I have problems seeing your photos for some reason, but yay another kitty! Congrats, I'm sure he's as stunning as Mystik and Luna


----------



## Mochas Mommy (Dec 9, 2013)

Thanks texasgirl...(and thanks again for all the help with Mystik and me that day!) This little guy really needed a new home and we were looking for a male already...things just fell into place. He socialized really quickly, but is still a bit skittish...but has Mystik wrapped around his paw! His arrival has really helped her leave the "baby kitten" stage and enter the "kitten" stage...she isn't quite as whiny, is asking for "loves" more, and is finally letting me handle her so I can get her ready for her show next month!
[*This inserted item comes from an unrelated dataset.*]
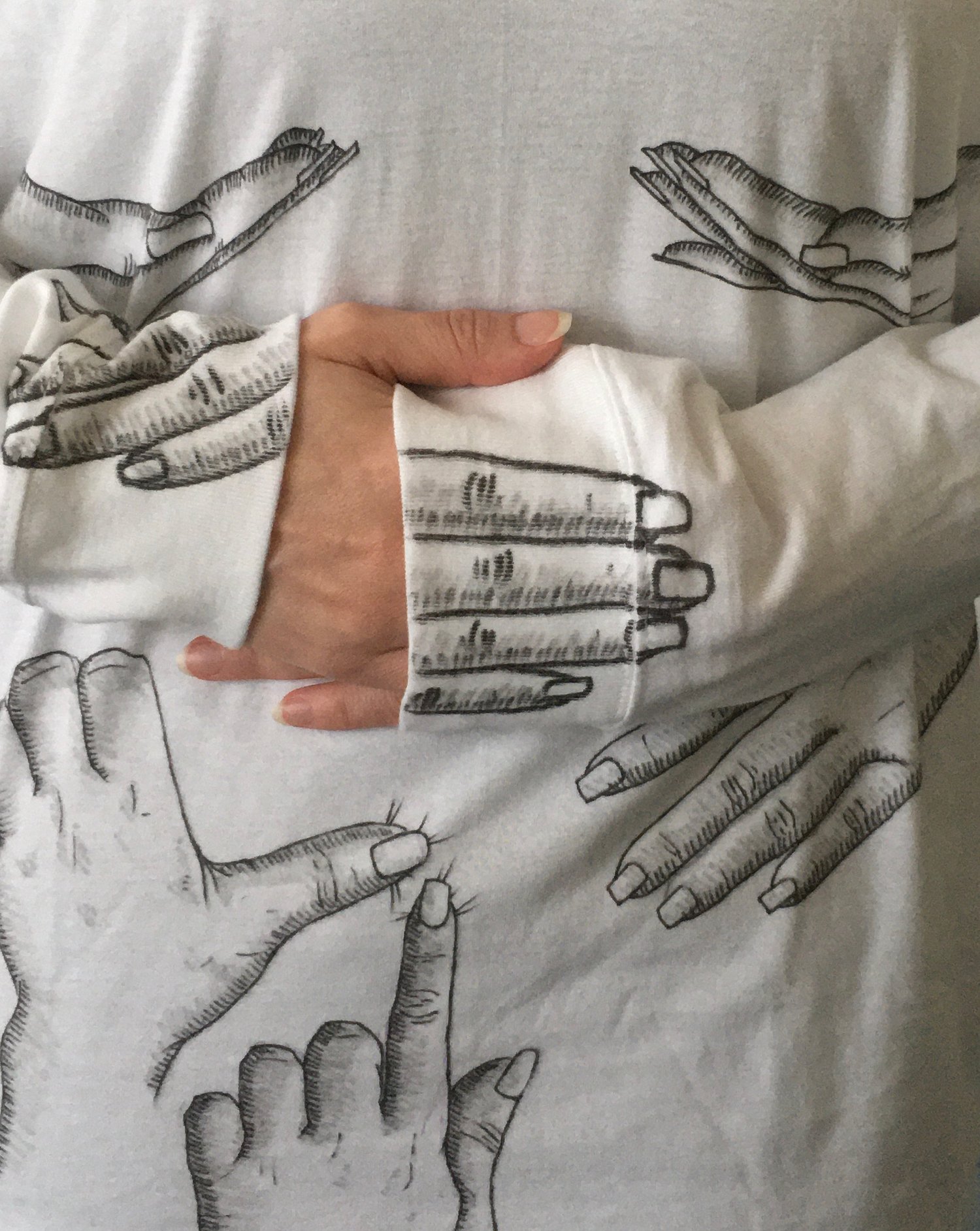 Inspired by some of my older charcoal drawings, which included numerous hands touching, probing, and opening bodies, transposing these on clothing has been a great medium to emphasize some of the concepts behind it.
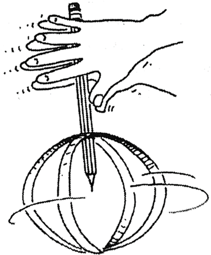 當(dāng)紙條旋轉(zhuǎn)起來之后,球體的頂端和底端會變得稍扁,而中間部分則略為鼓起。

zuma...what happens when you try to click on the photos/videos? I upload using photobucket....they usually open in a second window when I click on them. Once there, you can click on the photos to scroll through the album (but each kitten has their own album).


----------



## 10cats2dogs (Jun 16, 2013)

Carrie, 
Since Mystik had to have her anal glands expressed once already, at her tender age...
I would suggest you have the vet show you how to do this at home!
Usually, the glands are naturally expressed when they go poo...but sometimes, for some cats, they don't always "work" so well! 
And may need some extra assistance to keep things from building up!


----------



## zuma (Nov 5, 2009)

I'm usually on the phone app, that's probably why. I get two option when I click on the (broken for me) image link. One is open in gallery which just gives a black screen and follow link which does nothing. Probably something with my settings. I'll take a look next time I'm on the computer, I know it works there


----------



## Mochas Mommy (Dec 9, 2013)

Sharon...after smelling last time...I am REALLY hoping it is because she is still getting over the diarrhea part! I killed myself laughing...after that...we got in the car and my DH asks "are my feet that stinky?" Took me a few minutes to be able to tell him what had just happened....


----------



## 10cats2dogs (Jun 16, 2013)

ROFL!! Oh Carrie, that's funny!
And YES! VERY err.....Aromatic!!


----------



## MsPepper (Mar 26, 2014)

Awwww, he is so cute. I love the one pic where he stands on his hind legs. Luna & Mystik are cute too


----------



## Mochas Mommy (Dec 9, 2013)

I am trying to survive with three kittens...3 bengal kittens...oh, how I hope to see school in session on the 2nd so I can get some rest!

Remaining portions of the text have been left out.